А Кирьяков все рассказывает:
– Пришли в ад, повел черт кузнеца по геенне огненной, показывает все, а сам думает, что кузнец устрашится и назад запросится. А кузнец идет и хоть бы что ему, как дома себя чувствует. “Кому ад, а мне рай”, – говорит. Ходили они, ходили, черт и спрашивает кузнеца: “Ну как, страшно? Видишь, как грешники в смоле кипят?” Осерчал кузнец и говорит черту: “Иди ты к своей чертовой матери, не морочь мне голову. Вот я тебе покажу настоящий ад. Идем обратно на землю…”
Делаю я вид, что слушаю сказку, а сам совсем об ином думаю, и удивительно мне теперь, как я эту сказку на всю жизнь запомнил. Смотрю на своего знакомца и вижу – узнал он меня. Не только узнал, но и понимает, что я его тоже узнал. Смотрим мы друг на друга, точно ждем чего-то, и думаю я – кто первый из нас не выдержит.
– А что, – вдруг прерывает он хозяина, – конец этой сказке нескоро?
– Почему “нескоро”? – отвечает хозяин. – Близко конец.
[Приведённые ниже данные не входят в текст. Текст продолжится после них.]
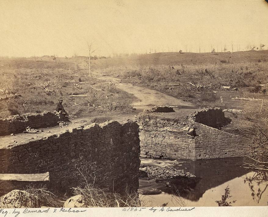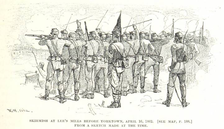 Перестрелка у плотины номер 1. Событие, судя по надписи, 16 апреля 1862 года. На фото видно, что войска всё ещё используют линейную тактику, при котором солдаты находились плотнее друг к другу, что во времена распространения более точного нарезного стрелкового оружия и картечниц привело к большим потерям. Гражданская война до сих пор является самым кровопролитным конфликтом в истории Соединённых Штатов

Самую малость досказать осталось. Потащил кузнец черта в кузницу. Пришли, идут, а в кузнице ночь черная от пыли да от сажи. Сто горнов горят, четыреста молотов стучат. Рабочие ходят, рожи у них, как полагается: нет кожи на роже. Кузнец впереди, черт позади. Тут начали железо из горна доставать и мастеру на лопате подавать. У черта искры из глаз посыпались, он уже и дышать не может. А тут еще беда: увидал хозяин кузнеца и закричал: “Ты что, черт, без дела расхаживаешь, морду побью!” Испугался черт, спрашивает кузнеца: “Что это он?” Покосился кузнец на черта. “Морды всем бить хочет, и тебе побьет”, – говорит…
Слышу я – стоит кто-то позади меня, дышит в затылок… Неужели, думаю, заметили что-нибудь? Неужели наши не могут подойти тихо? А сам смотрю на Кирьякова…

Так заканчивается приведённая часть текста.